COVID-19 has substantially reshaped medical care, population health initiatives, and social norms. In early 2020, Hong Kong experienced a 28-day mortality rate of 12.0% among patients with severe or critical illness.1 Key risk factors for mortality included advanced age, a history of stroke, use of renal replacement therapy, and shorter durations of lopinavir–ritonavir treatment.1 Given the lack of effective treatments and vaccines at the time, social distancing and self-isolation became essential containment strategies.2 3 However, these measures also led to long-term physical and psychological consequences, particularly among children.2 Cancer care was also affected: patients expressed concerns about delays in treatment development and a lack of information regarding COVID-19’s impact on their care.4 Many reported declines in physical, mental, and dietary health due to prolonged isolation.4 Similarly, patients with knee osteoarthritis experienced more severe symptoms and functional decline due to reduced access to care and prolonged inactivity during lockdowns.5

As the virus evolved, so did understanding of its clinical manifestations, public health implications, and the role of technology. The pandemic accelerated the development of artificial intelligence,6 whereas researchers investigated COVID-19’s diverse effects—from cutaneous symptoms and autoimmune responses,7 to the safety of healthcare workers.8 This article explores five interconnected dimensions of the pandemic: clinical management, variant-driven shifts, protection of vulnerable populations, public awareness and behavioural changes, and healthcare innovation.

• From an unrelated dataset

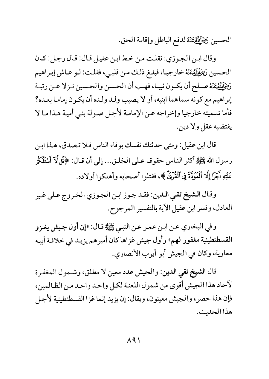 وقال ابن الجوزي: نقلت من خط ابن عقيل قال: قال رجل: كان الحسين - رضي الله عنه - خارجيا، فبلغ ذلك من قلبي، فقلت: لو عاش إبراهيم - رضي الله عنه - صلح أن يكون نبيا، فهب أن الحسن والحسين نزلا عن رتبة إبراهيم مع كونه سماهما ابنيه، أو لا يصيب ولد ولده أن يكون إماما بعده؟ فأما تسميته خارجيا وإخراجه عن الإمامة لأجل صولة بني أمية هذا ما لا يقتضيه عقل ولا دين.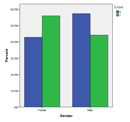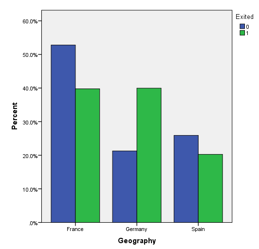 Khả năng khách hàng tại Đức vào Pháp rời dịch vụ là cao ngang nhau, còn ở Tây Ban Nha là thấp nhất. Khả năng khách hàng nữ rời dịch vụ là cao hơn.

The COVID-19 challenged conventional clinical management, particularly in severe and atypical cases. For instance, a patient with COVID-19 presented with severe abdominal and back pain and was diagnosed with a rare mycotic aortoiliac aneurysm caused by Salmonella typhimurium.9 Despite controversy surrounding endovascular stenting in septic conditions, it proved effective for this critically ill patient.10 In another example, an immunocompromised patient experiencing septic shock received high-dose intravenous N-acetylcysteine to manage an influenza-induced cytokine storm, highlighting the need for flexible treatment approaches, especially for those who were unvaccinated or immunocompromised.11 Unusual manifestations further complicated diagnosis and care. A 72-year-old woman developed adult-onset Still’s disease after receiving an mRNA vaccination, which resulted in myocarditis and cardiogenic shock.12 Another patient developed autoimmune myopathy post-infection, with persistent anti–Mi-2 antibodies.13 Additionally, there was an increase in cases of acute acquired esotropia—a rare form of strabismus—linked to excessive screen time during lockdowns.14 These cases underscore the importance of adaptability in clinical care and the need to recognise atypical presentations.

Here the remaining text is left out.